Once published, people seem to forget that an article could have been exploratory.

In fact, do authors make it easy for a reader to see whether a work was exploratory?

• I went on a rant about publication, but deleted it before I posted it. Basically, refereed journal publication is crap on a stick. Put all your data and code and your opinions about it on a site like Github. The only thing refereed journal articles add is a dick-measuring contest to help decide which monkey gets the grant funding bananas.

• > The only thing refereed journal articles add is a dick-measuring contest to help decide which monkey gets the grant funding bananas.

I have a new favorite mixed metaphor :-)

3. Hi Andrew. Thanks for the post!

In fact, we now have oodles of plots for how the Teletherms evolve at each station (using 10, 25, and 50 year averages).

Links to these and three example plots are shown here:
http://compstorylab.org/share/papers/dodds2015c/places.html

And we’re going to add these graphs to the bottom of the online site so that when you mouse over a station, a version of these time series will appear below the map.

Re having a model for Teletherms—well, that would be fantastic but this work is a start to opening up such a possibility. The regional variations are quite detailed so it would seem that local geography could come into play, and the work might move into quite specific modeling. The paper on the arXiv is a first public draft and I hope we make it clear that what we’re doing is describing something well, or attempting to.
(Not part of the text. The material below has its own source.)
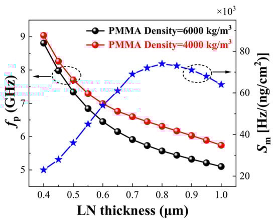 Typically, the mass sensitivity of Lamb wave biological mass sensors is related to the thickness of the piezoelectric thin plate, as shown in Figure 9. The mass sensitivity of the sensor can be optimized by adjusting the plate thickness. In fact, the thickness of the piezoelectric layer affects the mass sensitivity of the biological mass sensor while the thickness and density of the sensing layer, along with the electrode thickness, also influence the mass sensitivity of the biological mass sensor. According to Equation (11) [], the mass sensitivity is negatively correlated with the change in the thickness and density of the sensing layer. However, by keeping the thickness and density of the sensing layer constant, increasing the thickness of the electrode can enlarge the surface area of the sensing layer, thereby enhancing its mass sensitivity []. It is important to note that excessively increasing the thickness of the electrode or the sensing layer may introduce excessive damping and energy loss, which can ultimately reduce the mass sensitivity.

4. My initial reaction to the paper is that I like it quite a bit. Two things that I’m still puzzling out:

1) Looking at the SE in Figs. 5a and 5b, there are dramatic swings in both Summer and Winter teletherms over relatively short geographic scales. For example, see MS, AL, and GA. What are the temperature changes associated with those shifts? Are the changes in max and min temp small, comparable, or large relative to other geographic regions where the teletherm exhibit less spatial variation?

2) The main plots in Figs. 2 and 3 show average extreme temperature over a fifty-year period? That’s what I’m taking away from the text but there are low amplitude oscillations with period (roughly) a little less than a month. I’m really surprised that you’d month-scale oscillations in data averaged over a 50 year period. Am I misinterpreting the plot? If I’m not then what the origin of those oscillations?

• Rahul:

It’s one number per location and year. These one numbers can then be post-processed. It makes as much sense as summarizing each state legislative election by a “partisan bias” and “electoral responsiveness” numbers which can then be post-processed, to take an example from my own research.

The problem with (the usual use of) p-values is not that they are a data reduction. The problem is that a p-value isn’t much of a measure of anything useful. It’s not a particularly good data summary. As with sabermetrics, some data summaries are better than others.

5. Suppose you take the teletherm shifts and estimate a continuous surface using a thin plate spline*. And let’s say you compute a weight for each point which is a function the teletherm duration and/or the magnitude of the temperature change. What does that continuous surface look like?**

* GCV for determination of regularization parameter. Ref = http://www.image.ucar.edu/pub/nychka/manuscripts/OV1.pdf

** A TPS surface may not be the best choice as there can be very long range contributions to any given point. Maybe a kernel method or local 2D spline fit?

6. There are boundaries below (coldest) and above (hottest) which have incredibly important effects on plant growth in general and agriculture.